Мои планы поговорить со Стивом были нарушены неким небольшим происшествием на рынке, которое отметило прибытие в Кампина-Вьеха одного из самых беспринципных людей, каких я только встречала на своем веку. Мировая грязь — называл его Стив. Случайное столкновение с ошеломляющей скоростью понесло нас прямиком к катастрофе. Тогда я никак не могла понять: уводят ли меня все эти события все дальше от цели, или же, наоборот, вплетают новую нить в запутанный клубок, который я так отчаянно пытаюсь распутать. Впрочем, совершенно неважно, что я думала, — меня, как и всех остальных, с головой захлестнул бушующий поток.
Мы со Стивом и Трейси как раз были на рынке — пробирались среди высоких, в человеческий рост банановых груд в поисках авокадо. Инес взяла выходной, так что мы поехали в город запастись провизией. Трейси присоединилась к нам, чтобы в очередной раз позвонить домой (мне эти ее звонки уже начинали казаться настоящей манией, но, вероятно, я просто слегка ревновала). Мы мило болтали, как вдруг Стив остановился — да так резко, что Трейси едва не налетела на него.
— Черт! — пробормотал он, вглядываясь куда-то вдаль. — Только не говорите, что мне померещилось. Черт! Черт! Черт!
Мы с Трейси изумленно уставились на него, а он сорвался с места и потрусил прочь, бросив нам через плечо:
— Встретимся в «Эль Мо» через час.
Мы следили за тем, как он проталкивается через толпу и спускается по лестнице на нижний уровень рынка.
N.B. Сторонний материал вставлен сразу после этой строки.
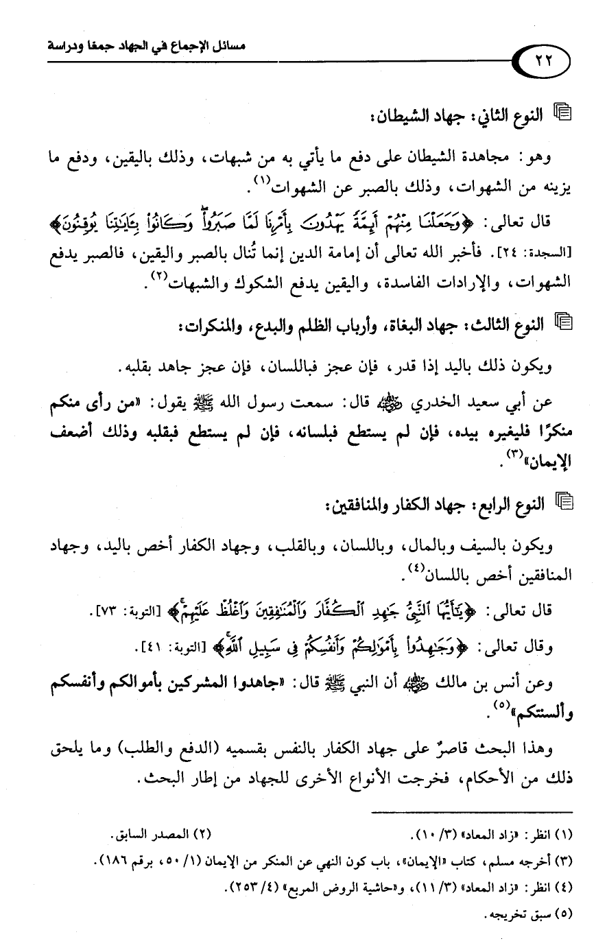 وهذا البحث قاصرٌ على جهاد الكفار بالنفس بقسميه (الدفع والطلب) وما يلحق ذلك من الأحكام، فخرجت الأنواع الأخرى للجهاد من إطار البحث.

Наконец Стив поднырнул под болтающийся за одной из палаток брезент и скрылся из виду.
— Что все это значит? — спросила я Трейси.
— Понятия не имею, — безмятежно отозвалась она.
Похоже, вывести Трейси из себя было очень непросто. Наверное, когда ты с детства наделен красотой, умом и богатством, поневоле начинаешь чувствовать себя неуязвимым.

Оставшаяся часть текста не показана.